[UPDATE: Connor Malin's answer is definitely better than mine, but I will leave mine here in case the approach turns out to be useful for some other purpose.]
Put $X=\operatorname{Conf}_n(M)$ and $Y=\operatorname{Conf}_2(M)$. We want to show that $X^{h\Sigma_n}$ is empty. There is an evident projection $X\to Y$ which is equivariant for the evident copy of $\Sigma_2$ in $\Sigma_n$ so we get a projection $X^{h\Sigma_n}\to Y^{h\Sigma_2}$, so it will suffice to show that $Y^{h\Sigma_2}=\emptyset$. I think that this holds provided that $Y$ has the $\Sigma_2$-equivariant homotopy type of a finite $\Sigma_2$-CW complex, which I think should be true under mild conditions on $M$ (despite the fact that $Y$ is certainly not compact).

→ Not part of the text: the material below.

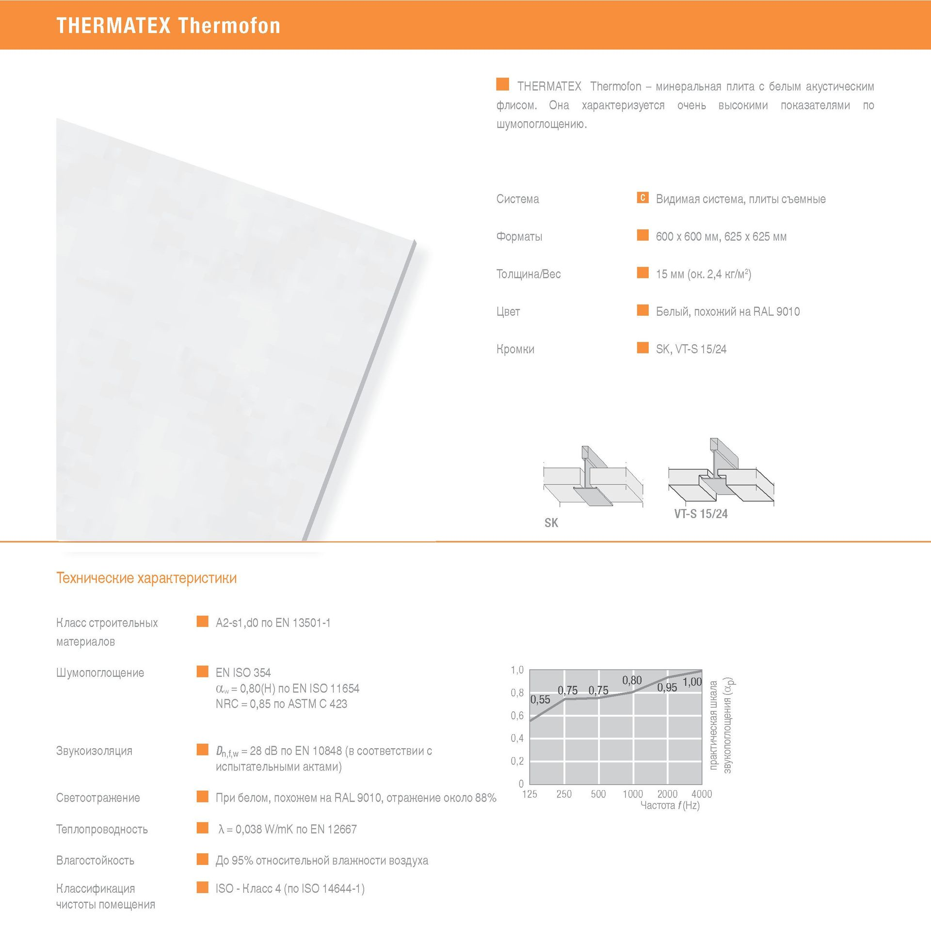 Потолочная плита AMF Thermofon 600х600х15

To see this, let $Y_2$ be the $2$-adic completion of $Y$ in the sense of Bousfield and Kan. This is obtained by applying a functorial simplicial construction to the singular complex $SY$, so we have maps $Y\xleftarrow{p}|SY|\xrightarrow{q}Y_2$ in which $p$ is a weak equivalence, and everything is $\Sigma_2$-equivariant. If we can show that $Y_2^{h\Sigma_2}=\emptyset$ then it will follow that $|SY|^{h\Sigma_2}=\emptyset$, and the homotopy fixed point functor preserves weak equivalences, so $Y^{h\Sigma_2}=\emptyset$.

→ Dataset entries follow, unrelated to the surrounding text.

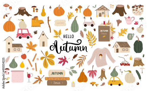 Autumn doodle illustrations - leaves, pumpkins, acorns, mushrooms, sweater, books, stumps. Fall season elements perfect for scrapbook, card, poster, invitation, sticker, etc. Vector illustration.
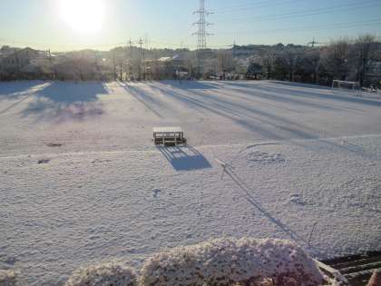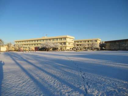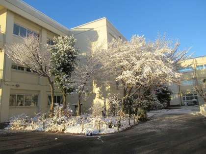 昨日の雪が残り、校庭一面雪に覆われていました。
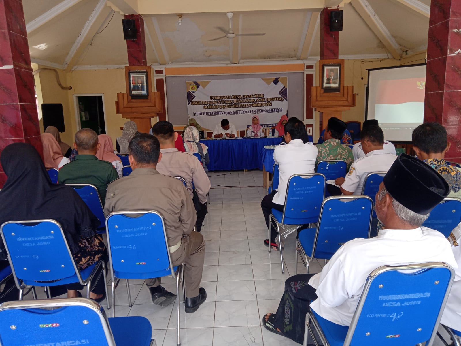 Rabu, 11 Desember 2024. Kegiatan Pembinaan Desa Layak Anak bagi Tim Gugus Tugas Desa Layak Anak (DEKELA) oleh DP3AKB Kab. Grobogan dihadiri Sekcam Tawangharjo Ibu Sri Sugiwati, S.P., M.M. di Pendopo Kantor Desa Jono
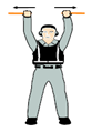팔과 유도봉을 머리 위로 쭉 뻗는다. 유도봉이 서로 닿을 때 까지 안쪽으로 유도봉을 움직인다. 운항승무원에게 인지표시를 반드시 수신하도록 한다. | |

We can now apply the Sullivan Conjecture, in the form proved by Lannes: see Theorem VIII.1.2 of the Alaska book, or Theorem 9.1.1 of the book Unstable Modules over the Steenrod Algebra and Sullivan's Fixed Point Conjecture. Assuming the stated finiteness condition, that says that the natural map $(Y^{\Sigma_2})_2\to Y_2^{h\Sigma_2}$ is a weak equivalence, but here $Y^{\Sigma_2}=\emptyset$, so $Y_2^{h\Sigma_2}=\emptyset$ as required. (Some versions of the Sullivan Conjecture require that $Y$ should be a nilpotent space, but the version proved by Lannes does not.)